The neural networks coded by human scientists are often the result of trial and error. There is little theory to what does and doesn’t work, and no guarantee that the best designs have been found. That’s why automating the hunt for better neural-network designs has been one of the hottest topics in AI since at least the 1980s. The most common way to automate the process is to let an AI generate many possible network designs, and let the network automatically try each of them and choose the best ones. This is commonly known as neuro-evolution or neural architecture search (NAS).
In the last few years, these machine designs have started to outstrip human ones. In 2018, Esteban Real and his colleagues at Google used NAS to generate a neural network for image recognition that beat the best human-designed networks at the time. That was an eye-opener.
The 2018 system is part of an ongoing Google project called AutoML, which has also used NAS to produce EfficientNets, a family of deep-learning models that are more efficient than human-designed ones, achieving high levels of accuracy on image-recognition tasks with smaller, faster models.
Three years on, Real is pushing the boundaries of what can be generated from scratch. The earlier systems just rearranged tried and tested neural-network pieces, such as existing types of layers or components. “We could expect a good answer,” he says.
Last year Real and his team took the training wheels off. The new system, called AutoML Zero, tries to build an AI from the ground up using nothing but the most basic mathematical concepts that govern machine learning.
Amazingly, not only did AutoML Zero spontaneously build a neural network, but it came up with gradient descent, the most common mathematical technique that human designers use to train a network. “I was quite surprised,” says Real. “It’s a very simple algorithm—it takes like six lines of code—but it wrote the exact six lines.”
AutoML Zero is not yet generating architectures that rival the performance of human-designed systems—or indeed doing much that a human designer would not have done. But Real believes it could one day.
Time to train a new kind of teacher
First you make a brain; then you have to teach it. But machine brains don’t learn the way ours do. Our brains are fantastic at adapting to new environments and new tasks. Today’s AIs can solve challenges under certain conditions but fail when those conditions change even a little. This inflexibility is hampering the quest to create more generalizable AI that can be useful across a wide range of scenarios, which would be a big step toward making them truly intelligent.
For Jane Wang, a researcher at DeepMind in London, the best way to make AI more flexible is to get it to learn that trait itself.
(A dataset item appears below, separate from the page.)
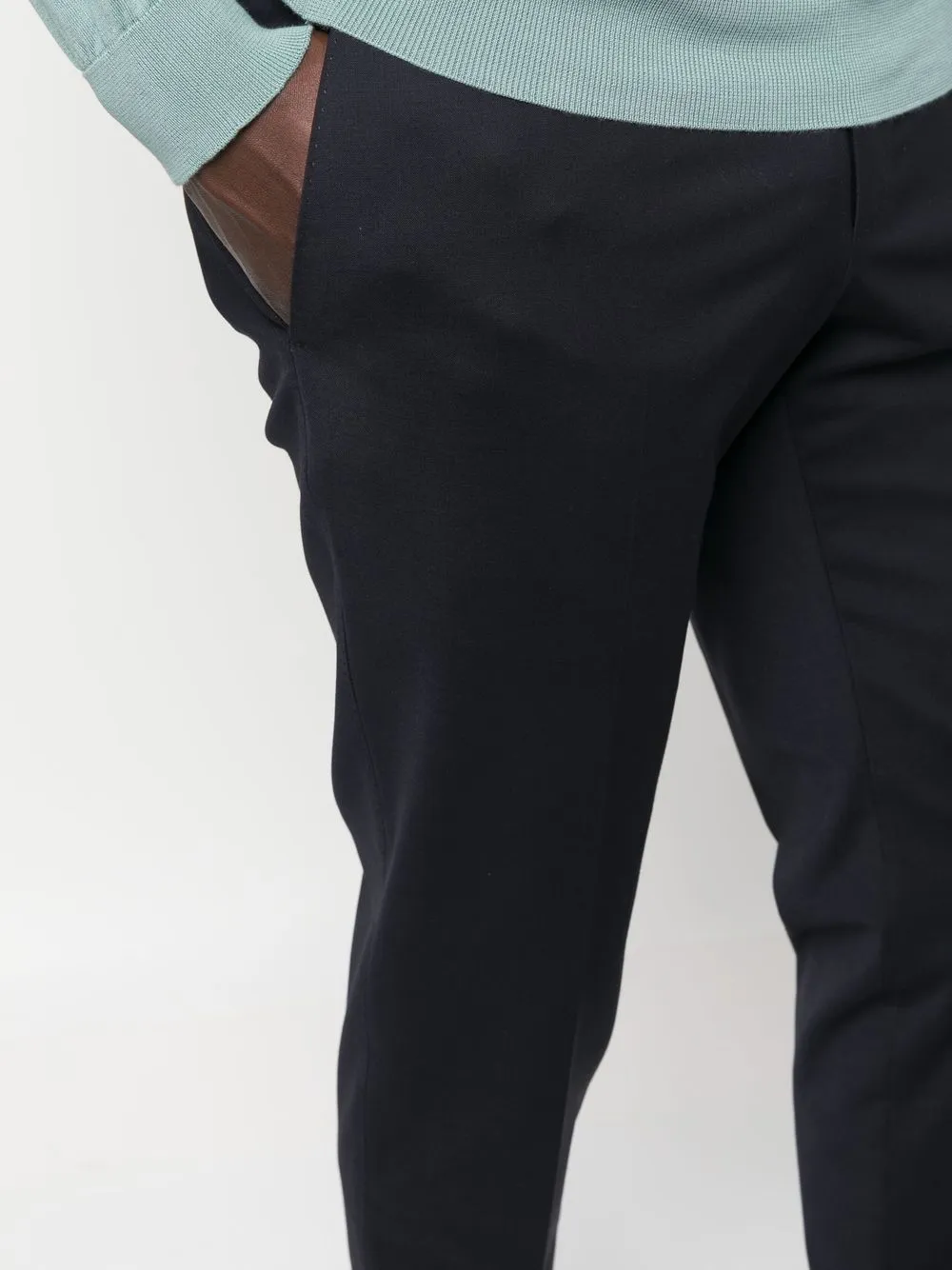 Темно-синий, стрелки, застежка на молнии и пуговице спереди, прямой крой, два прорезных кармана по бокам, два кармана с листочкой сзади и смесовая шерсть.

In other words, she wants to build an AI that not only learns specific tasks but learns to learn those tasks in ways that can be adapted to fresh situations.
Researchers have been trying to make AI more adaptable for years. Wang thinks that getting AI to work through this problem for itself avoids some of the trial and error of a hand-designed approach: “We can’t possibly expect to stumble upon the right answer right away.” In the process, she hopes, we will also learn more about how brains work. “There’s still so much we don’t understand about the way that humans and animals learn,” she says.
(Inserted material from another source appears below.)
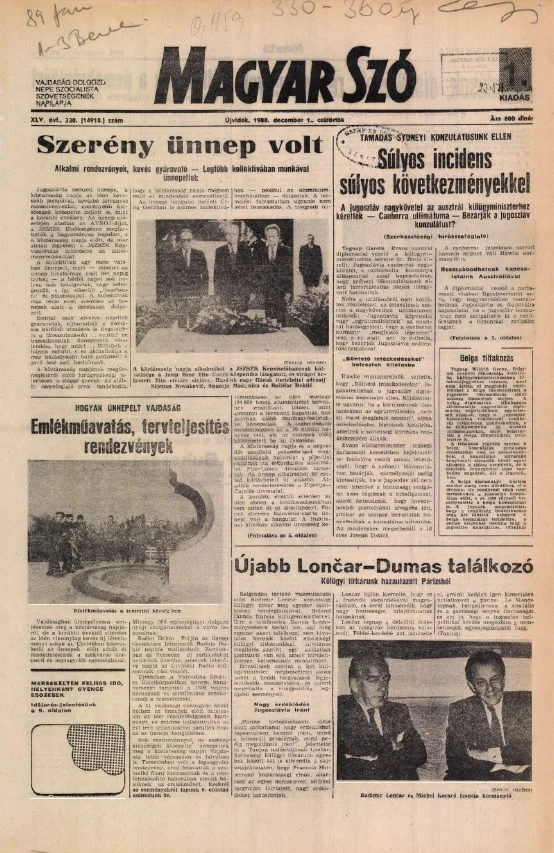 Magyar Szó, 45. évf. 1988. december 1. 330. sz.

There are two main approaches to generating learning algorithms automatically, but both start with an existing neural network and use AI to teach it.
The first approach, invented separately by Wang and her colleagues at DeepMind and by a team at OpenAI at around the same time, uses recurrent neural networks. This type of network can be trained in such a way that the activations of their neurons—roughly akin to the firing of neurons in biological brains—encode any type of algorithm. DeepMind and OpenAI took advantage of this to train a recurrent neural network to generate reinforcement-learning algorithms, which tell an AI how to behave to achieve given goals.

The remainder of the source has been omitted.